The most consequential difference in this group is the panel technology. The Samsung QN65LS03FAF uses a QLED LED-backlit LCD panel, while the Sony Bravia K-65XR80M2 uses an OLED panel. In practice, OLED produces true per-pixel lighting — meaning perfect blacks and theoretically infinite contrast — whereas QLED relies on a backlight that, even with local dimming, cannot fully eliminate light bleed in dark scenes. For cinematic or dark-room viewing, OLED has a structural advantage that no spec number can fully capture.
On refresh rate, the Samsung holds a clear edge at 144Hz versus the Sony's 120Hz. For fast-motion content — competitive gaming or high-frame-rate sports — 144Hz provides a measurably smoother experience. HDR ecosystem support splits the two products along studio allegiance lines: the Samsung backs HDR10+ (preferred by Amazon and Samsung content), while the Sony backs Dolby Vision (the dominant format on Netflix, Apple TV+, and Disney+). Neither format is universally superior in encoding quality, but Dolby Vision's wider streaming platform adoption gives the Sony a practical edge for most subscription-service viewers.

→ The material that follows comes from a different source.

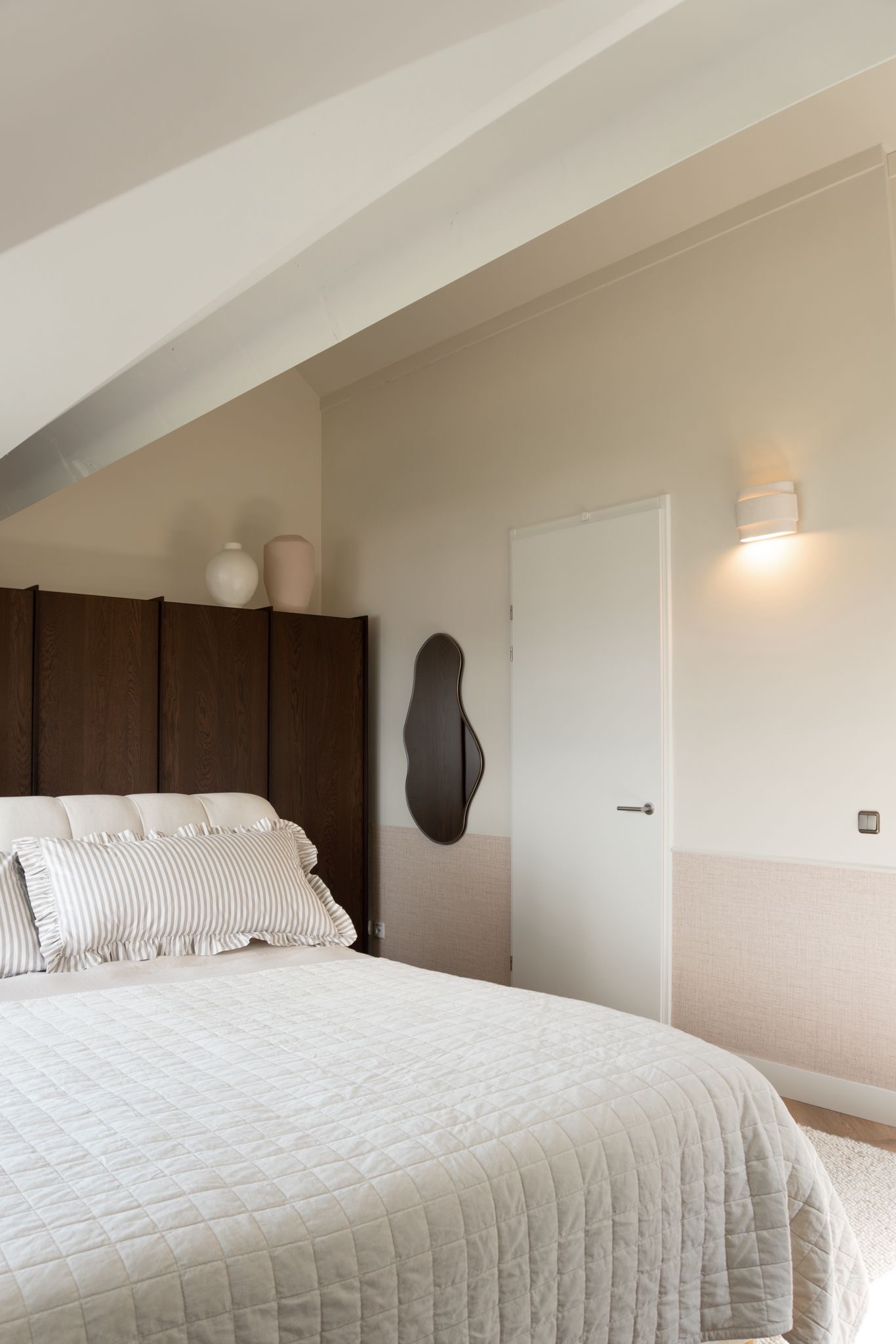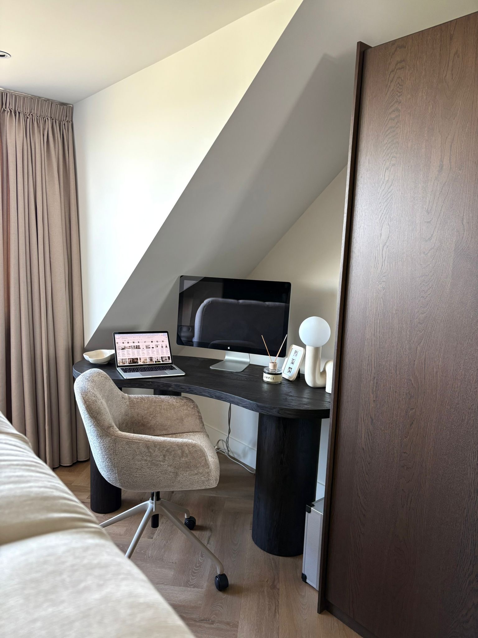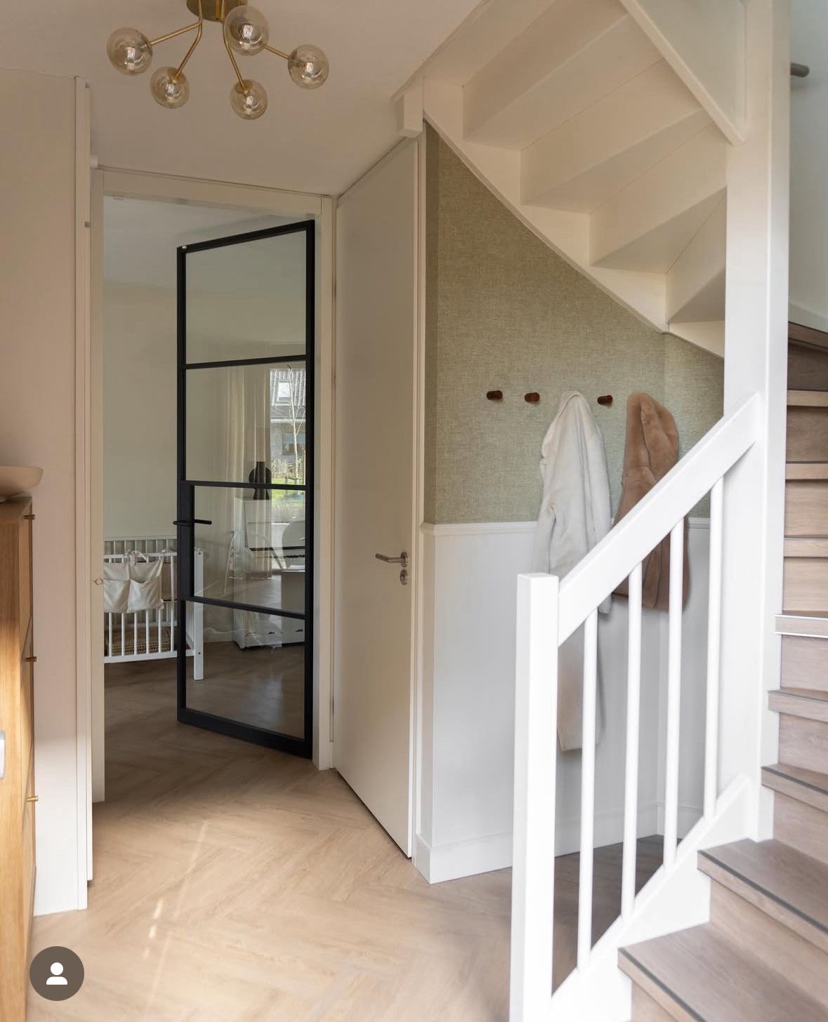 Op de eerste verdieping bevinden zich twee lichte kinderkamers en een moderne badkamer, allemaal ingericht volgens de rustige Japandi-esthetiek. De combinatie van zachte kleuren, natuurlijk hout en minimalistische details zorgt voor een serene en eigentijdse uitstraling, perfect voor interieur of kindershoots.

All remaining specs are identical: both deliver 4K at 68 ppi, 10-bit color depth, 1.07 billion colors, HLG support, anti-reflection coating, an ambient light sensor, and full 178° viewing angles in both axes. Overall, the Sony has a structural display-quality advantage through OLED and broader HDR streaming coverage, while the Samsung counters with a higher refresh rate that matters most in gaming contexts.